Online labor markets such as Amazon Mechanical Turk (AMT), Uber, and TaskRabbit are contributing to rapid changes in the nature of work for hundreds of thousands of workers. These markets create significant new economic opportunities, but most currently treat workers as second-class citizens. Take-home pay is often low compared to similar work in traditional employment arrangements, and workers have limited means of influencing market design or management practice. This makes it hard for workers to create reliable livelihoods from the opportunities these markets present. This dissertation uses AMT, an online labor market for small information tasks, as a case through which to examine the consequences of treating workers as second-class citizens, to argue that future platform designs and management practices should treat workers as central stakeholders, and to develop theory and method for doing so.

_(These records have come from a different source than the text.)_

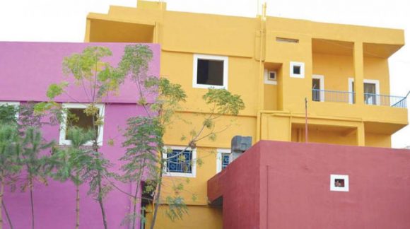 وعن كيفية اختيار الألوان، أجاب: «انطلقنا من الألوان الأساسية الثلاثة: الأحمر والأصفر والأزرق، وتدرجنا منها لتشمل الفوشيا والبرتقالي والأخضر وغيرها، وعمدنا إلى تنسيق الألوان ما بين الأساسية منها والمكملة لها، وتوزيعها بشكل متناغم ومتوازن في آن، وقد استفدنا أيضاً من تباينها بعد أن اعتمدناها في تلوين إكسسوارات هذه البيوت من نوافذ وأبواب من أجل الحفاظ على مشهدية جميلة لا تنفر منها عين ناظرها».
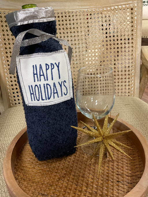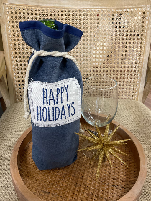 Only 1 left!Fabric wine bag with drawstring in various colors and embroidered with a patch with various Christmas sayings 5.5” x 12”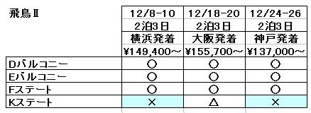 例えばにっぽん丸と同じくらい古い飛鳥IIの今年のクリスマスクルーズの予約状況は下表のとおり(これもジュニアスイート以上は省略)で、いちばん安いKステート以外はほとんど埋まっていません。見た目の単価はにっぽん丸よりやや低めですが、1泊当たりの単価は割引を使っても7万円以上だから割高感があるんでしょうね。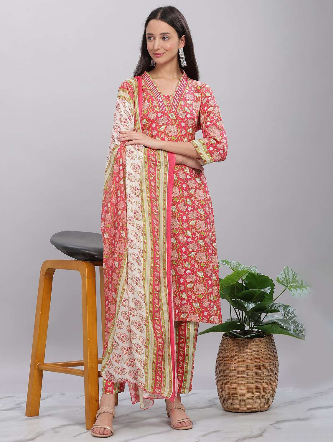 - Find gorgeous sets of ethnic wears in trending designs in pink colors suitable for casual wear of occasions.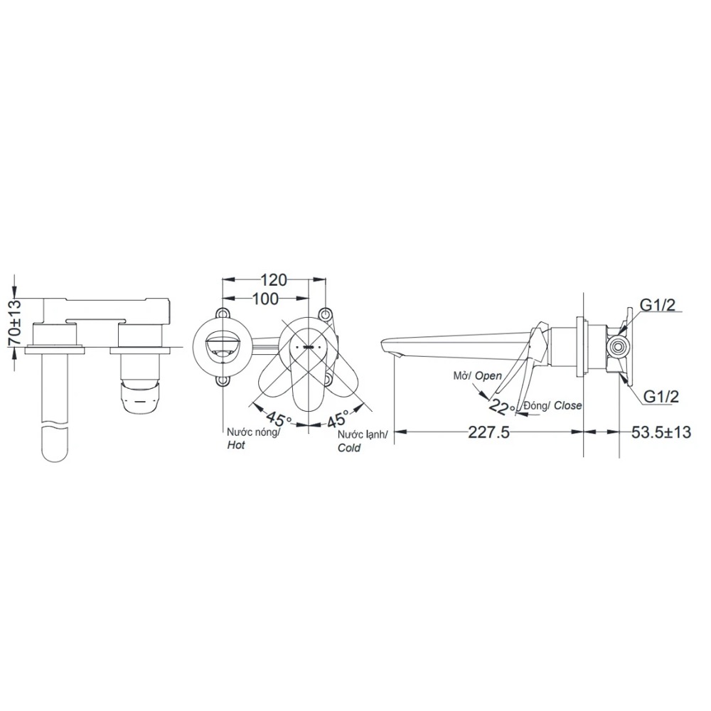 Mô tả sản phẩm Vòi chậu gắn tường 2 lỗ TOTO TLS04309B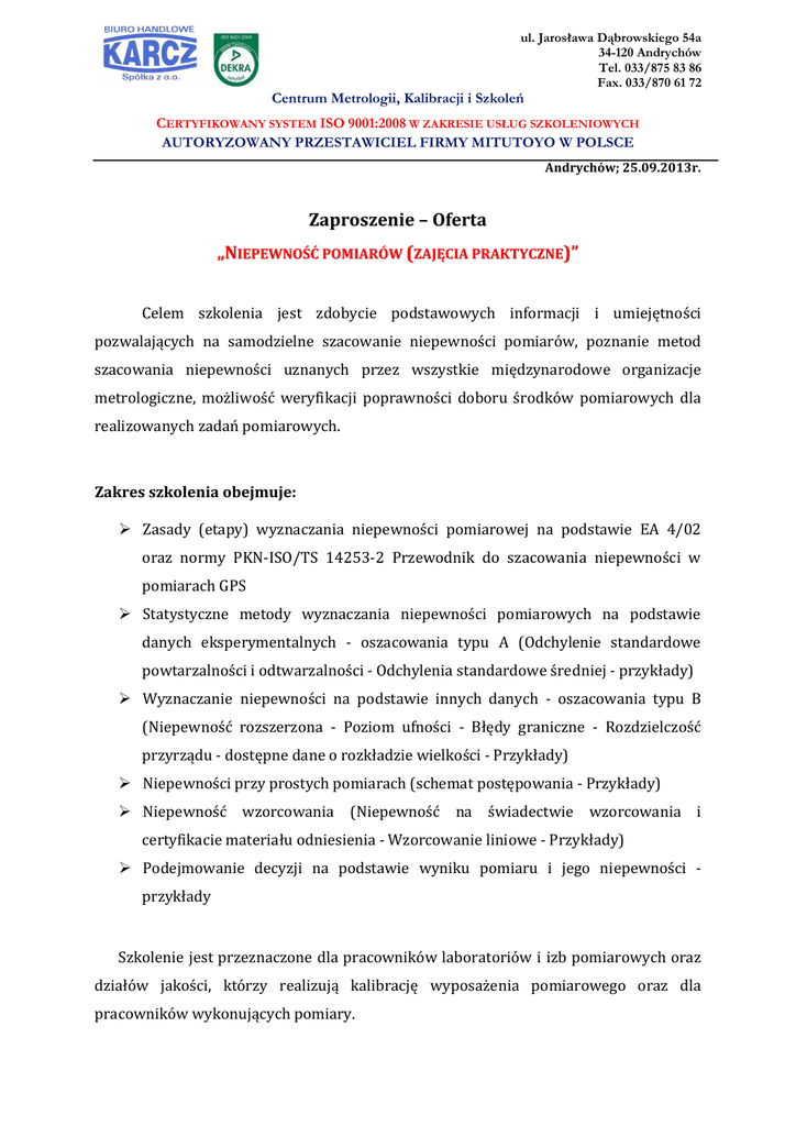 ul. Jarosława Dąbrowskiego 54a 34-120 Andrychów Tel. 033/875 83 86 Fax. 033/870 61 72 Centrum Metrologii, Kalibracji i Szkoleń CERTYFIKOWANY SYSTEM ISO 9001:2008 W ZAKRESIE USŁUG SZKOLENIOWYCH AUTORYZOWANY PRZESTAWICIEL FIRMY MITUTOYO W POLSCE Andrychów; 25.09.2013r. Zaproszenie – Oferta „NIEPEWNOŚĆ POMIARÓW (ZAJĘCIA PRAKTYCZNE)” Celem szkolenia jest zdobycie podstawowych informacji i umiejętności pozwalających na samodzielne szacowanie niepewności pomiarów, poznanie metod szacowania niepewności uznanych przez wszystkie międzynarodowe organizacje metrologiczne, możliwość weryfikacji poprawności doboru środków pomiarowych dla realizowanych zadań pomiarowych. Zakres szkolenia obejmuje: Zasady (etapy) wyznaczania niepewności pomiarowej na podstawie EA 4/02 oraz normy PKN-ISO/TS 14253-2 Przewodnik do szacowania niepewności w pomiarach GPS Statystyczne metody wyznaczania niepewności pomiarowych na podstawie danych eksperymentalnych - oszacowania typu A (Odchylenie standardowe powtarzalności i odtwarzalności - Odchylenia standardowe średniej - przykłady) Wyznaczanie niepewności na podstawie innych danych - oszacowania typu B (Niepewność rozszerzona - Poziom ufności - Błędy graniczne - Rozdzielczość przyrządu - dostępne dane o rozkładzie wielkości - Przykłady) Niepewności przy prostych pomiarach (schemat postępowania - Przykłady) Niepewność wzorcowania (Niepewność na świadectwie wzorcowania i certyfikacie materiału odniesienia - Wzorcowanie liniowe - Przykłady) Podejmowanie decyzji na podstawie wyniku pomiaru i jego niepewności przykłady Szkolenie jest przeznaczone dla pracowników laboratoriów i izb pomiarowych oraz działów jakości, którzy realizują kalibrację wyposażenia pomiarowego oraz dla pracowników wykonujących pomiary. ul. Jarosława Dąbrowskiego 54a 34-120 Andrychów Tel. 033/875 83 86 Fax. 033/870 61 72 Centrum Metrologii, Kalibracji i Szkoleń CERTYFIKOWANY SYSTEM ISO 9001:2008 W ZAKRESIE USŁUG SZKOLENIOWYCH AUTORYZOWANY PRZESTAWICIEL FIRMY MITUTOYO W POLSCE Wszyscy uczestnicy szkolenia otrzymają materiały szkoleniowe uwzględniające między innymi cały zakres materiałowy niniejszego szkolenia oraz przykładowe procedury dotyczące szacowania dla wybranym grup wyposażenia pomiarowego. Kurs kończy się wręczeniem certyfikatów potwierdzających kompetencji w zakresie szacowania niepewności pomiarowych. uzyskanie Szkolenie poprowadzi osoba posiadająca własne laboratorium wzorcujące, mająca wieloletnie doświadczenie w dziedzinie pomiarów długości, kąta, masy, siły, prędkości i drogi. Odbyła staż pracy w zakresie kalibracji urządzeń pomiarowych ponad 20 lat. Autor instrukcji szacowania niepewności, które są stosowane w Urzędach Miar. Czas trwania szkolenia: Termin: Miejsce: Grupa: Koszt szkolenia obejmuje: 3 dni (ok. 21 godzin) 06-08.11.2013r. Szczyrk max. 15 osób (decyduje kolejność zgłoszeń) - przeprowadzenie szkolenia oraz indywidualne konsultacje z wykładowcą - materiały szkoleniowe w formie papierowej i elektronicznej - imienny Certyfikat ukończenia szkolenia - pełne wyżywienie, serwis kawowy, kolacja integracyjna - 2 noclegi (pokój jednoosobowy lub dwuosobowy) Istnieje możliwość rezerwacji noclegu w przeddzień szkolenia – dodatkowy koszt w wysokości 130 zł/os ! *) cena netto, do ceny należy doliczyć podatek VAT 23% Sprawy szkoleń prowadzi: Izabela Markowska tel. 606 977 648; Mateusz Cinal Tel. 033/875 83 86 e-mail: [email protected] ul. Jarosława Dąbrowskiego 54a 34-120 Andrychów Tel. 033/875 83 86 Fax. 033/870 61 72 e-mail: [email protected] www.bhkarcz.pl Centrum Metrologii, Kalibracji i Szkoleń CERTYFIKOWANY SYSTEM ISO 9001:2008 W ZAKRESIE USŁUG SZKOLENIOWYCH AUTORYZOWANY PRZEDSTAWICIEL FIRMY MITUTOYO W POLSCE KARTA ZGŁOSZENIOWA Dotyczy szkolenia: „NIEPEWNOŚĆ POMIARÓW (ZAJĘCIA PRAKTYCZNE)” Termin szkolenia: 06-08.11.2013r. Miejsce szkolenia: Szczyrk Dane niezbędne do wystawienia faktury (pełna nazwa i adres firmy) Numer NIP Imię i Nazwisko uczestnika 1. 2. 3. 4. Telefon e-mail Prosimy o dokonanie rezerwacji hotelu w terminie od ……............ do …………. dla ………. os. KOSZT NOCLEGU W PRZED DZIEŃ SZKOLENIA JEST DODATKOWO PŁATNY i wynosi 130 zł/os. Należność za udział: ……… osób x ……………. zł netto + 23% VAT= ……………………. zł przekażemy na Wasze konto gotówką/ przelewem* : Bank PEKAO S.A. oddział w Wadowicach 19 1240 4197 1111 0010 2982 1425 Warunki zgłoszenia: 1. Warunkiem uczestnictwa w szkoleniu jest przesłanie zgłoszenia na co najmniej 2 dni robocze przed terminem szkolenia na fax pod numer 033 870 61 72 lub e-mail [email protected] 2. Zgłoszenie traktujemy jako dowód zawarcia umowy. 3. Gdyby szkolenie nie odbyło się z powodu nie zebrania minimalnej grupy uczestników lub powodów niezależnych od organizatora, zgłaszającemu zostanie zaproponowany udział w szkoleniu w innym terminie. 4. Uczestnik może się wycofać z udziału w szkoleniu (w formie pisemnej), bez ponoszenia kosztów, w terminie 7 dni roboczych przed dniem rozpoczęcia szkolenia. Po upływie tego terminu zgłaszający zapłaci 50% kosztów uczestnictwa. 5. W przypadku nieobecności uczestnika / - ów na szkoleniu, bez uprzedniego pisemnego powiadomienia, zgłaszający zapłaci 75% kwoty uczestnictwa wynikającej ze zgłoszenia. 6. Przyjęcie Państwa zgłoszenia na szkolenie potwierdzimy pisemnie. Oświadczamy, że jesteśmy płatnikiem podatku VAT. ………………………………… (pieczęć firmy) ………………………………… (pieczęć i podpis zamawiającego)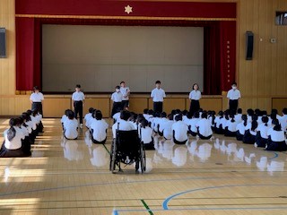 1学期最終の定例学年集会です。毎週水曜日に行われていますが、最初の頃は全員が集まるのに時間がかかりましたが、今はこの日は生徒が早めの時間に登校する事を心がけ、8時20分には集会を始めれるようになっています。学級代表からそして担当の先生からのお話もしっかり出来るようになり、また1時間目の授業にも影響なく臨めるようになりました。78期生が学校生活のなかで各自が「時間を守りきる」ことを心がけることが、みんなの「時間を創る」ことに繋がることを実践してくれました。これからの78期生の更なる成長に期待します。『凡事徹底』です。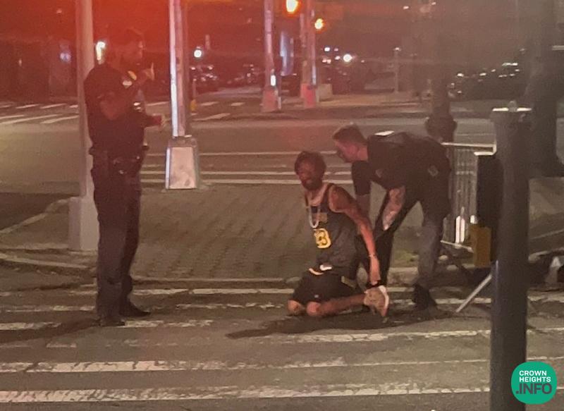 On their social media, Crown Heights Shomrim wrote “At approx 1 AM, Shomrim received multiple calls for a subject walking around with a weapon, possibly an axe, chasing people and smashing multiple car and bus windows. Great collaboration with officers from @NYPD71PCT results in one UNDER arrest with a metal pipe. #CHSafe.”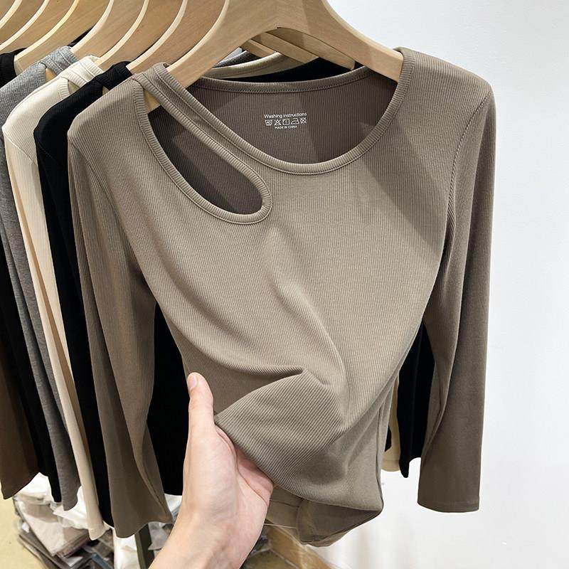 首页> 女装> 韩国斜领镂空锁骨长袖T恤女2025新款春秋修身洋派内搭打底衫上衣

The central argument of the dissertation is that workers' concerns should be more substantively and systematically addressed in the design and operation of online labor markets. Five messages elaborate this argument. First, in online labor markets, some workers are casual or transient, while others are professionals, providing significant and reliable value to customers and relying on income earned in the market to meet basic needs. Second, workers who rely on income earned through online labor markets should be considered first-class stakeholders, alongside customers and shareholders. Third, workers in online labor markets are rarely the narrowly self-interested profit maximizers of classical economic theory. Workers can be better understood as "situatedly rational" actors: human beings with incomplete information and finite cognitive capabilities whose actions and preferences are shaped by many factors, including rules, norms, and expectations. Fourth, online labor markets are not monolithic, perfectly competitive markets but parts of polycentric economic systems composed of complexly interlinked action situations characterized by imperfect competition and incomplete information. Fifth, institutions supporting crowd work research should develop an interdisciplinary practice-oriented agenda to understand the consequences of current online labor market designs and practices, and to develop new designs and practices that incorporate workers who rely on market income as central stakeholders.